Shortly after I went to work at TAC, my first team, which was dedicated to enterprise customers, was dissolved, and I ended up on the Routing Protocols team. The RP team supported both enterprise and service provider customers, and I had zero experience on the SP side. There was quite a learning curve ahead.
One day my phone rang with a P1. I dreaded P1’s. When a P1 came in, you were thrown head-first into a potentially huge outage with no knowledge of the case in advance. Often times a case that had been worked by another engineer got raised to P1 and you had to deal with someone else’s mess.
On this particular day, the case was a line card problem on a 12000-series, or GSR. GSR was a service provider box and I knew nothing about it.
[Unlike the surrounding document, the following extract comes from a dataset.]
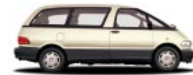
041 Ivory Shadow Grey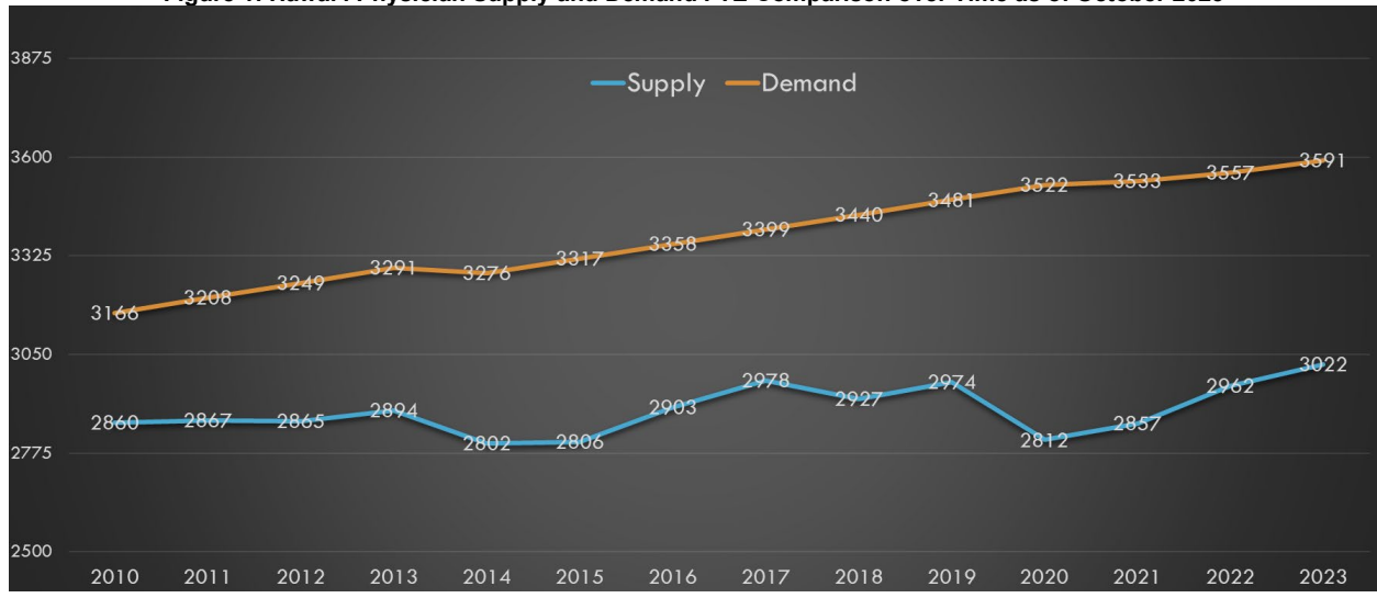
Figure 1: Hawai'i Physician Supply and Demand FTE Comparison over Time as of October 2023

(a total increase of 210 practicing active physicians over the last three (3) years). However, there remains a shortage of about 567 FTE of physician services to meet the demand [Figure 1] and over 757 FTE short when examining specific island and specialty needs. Table 2 reflects the physician shortage by county. The 2023 Hawai'i Physician Workforce Report provides more detail on the methodology and includes information utilizing Hawai'i county-specific data. Table 3 shows that the most significant shortages continue to be in primary care. However, other specialties and subspecialties are also needed throughout the state. Selected information from the Report to the 2023 Legislature, "Annual Report on Findings from the Hawai'i Physician Workforce Assessment Project" , is included below. The full report can be found on the JABSOM Hawai'i-Pacific Area Health Education Center website.

I didn’t even think it ran IOS (it does). I had no idea where to start. You would think they would have given me training on every product we covered, but at HTTS, at least when I worked there, the general approach was to throw you to the wolves.
So, I politely put the customer on hold and started running around the second floor of building K where HTTS is located, shouting: “Does anyone know GSR? Anybody around to help me?!” Finally I stumbled across my teammate Abe in the break room stirring up a cup of coffee. Abe had been a product manager for the GSR before he came to TAC. “Abe, you gotta help me! I took a P1 on a GSR and I’ve never touched one!”
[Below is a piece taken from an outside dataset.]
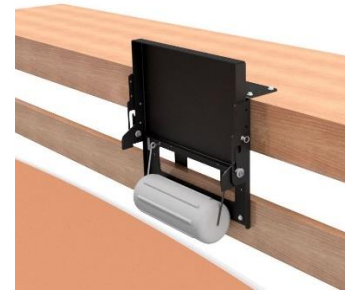
Step in storage position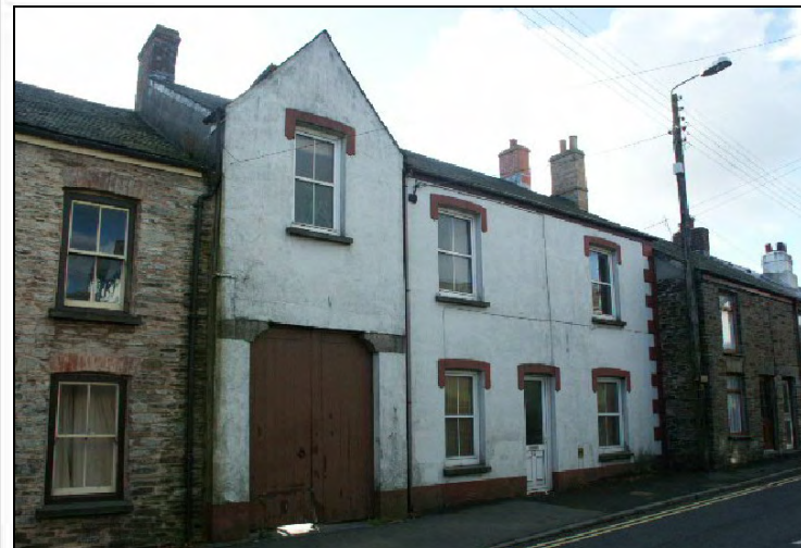
Variety of cottages and carriage houses

“Way to go, grab the bull by the horns!” was Abe’s response. We rushed back to my cube and Abe walked me through GSR line card troubleshooting. Abe and I have been great friends ever since that day.
Remember, when you call for support and the person on the other end of the phone sounds like they might not know what they are doing, they probably don’t. And if they put you on hold they may be running around screaming for help. It happened a lot in TAC.